## WHAT THE TASK REQUIRES
Reproduce all the data exactly, without pictures.

## INPUT DATA

※ ※ ※

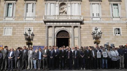 Silencio ahora mismo en Sant Jaume en la concentración que presiden Carles Puigdemont y Ada Colau pic.twitter.com/Q0edQpm5Jl
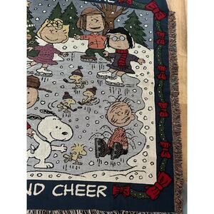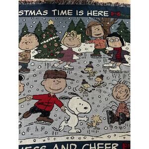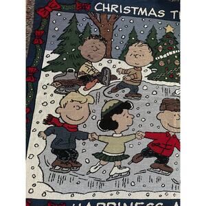 Peanuts Charlie Brown Ice skating Danbury Mint Christmas Tapestry throw blanket
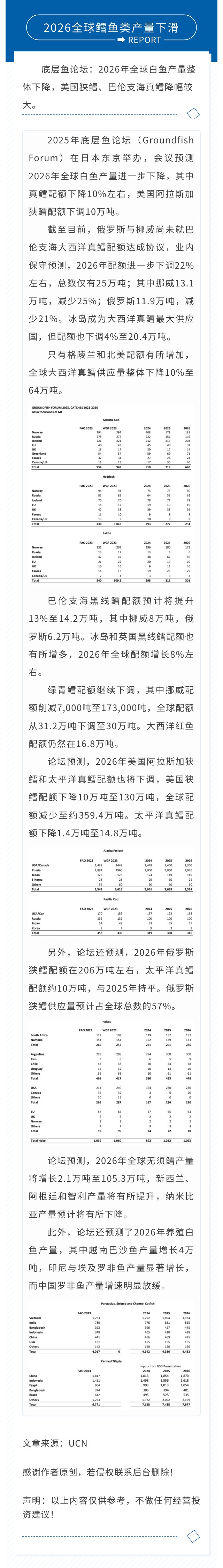 底层鱼论坛:2026全球鳕鱼类产量下滑,真鳕冰岛夺魁,狭鳕俄罗斯称霸!

※ ※ ※

## ANSWER TO THIS EXERCISE
 Silencio ahora mismo en Sant Jaume en la concentración que presiden Carles Puigdemont y Ada Colau pic.twitter.com/Q0edQpm5Jl
 Peanuts Charlie Brown Ice skating Danbury Mint Christmas Tapestry throw blanket
 底层鱼论坛:2026全球鳕鱼类产量下滑,真鳕冰岛夺魁,狭鳕俄罗斯称霸!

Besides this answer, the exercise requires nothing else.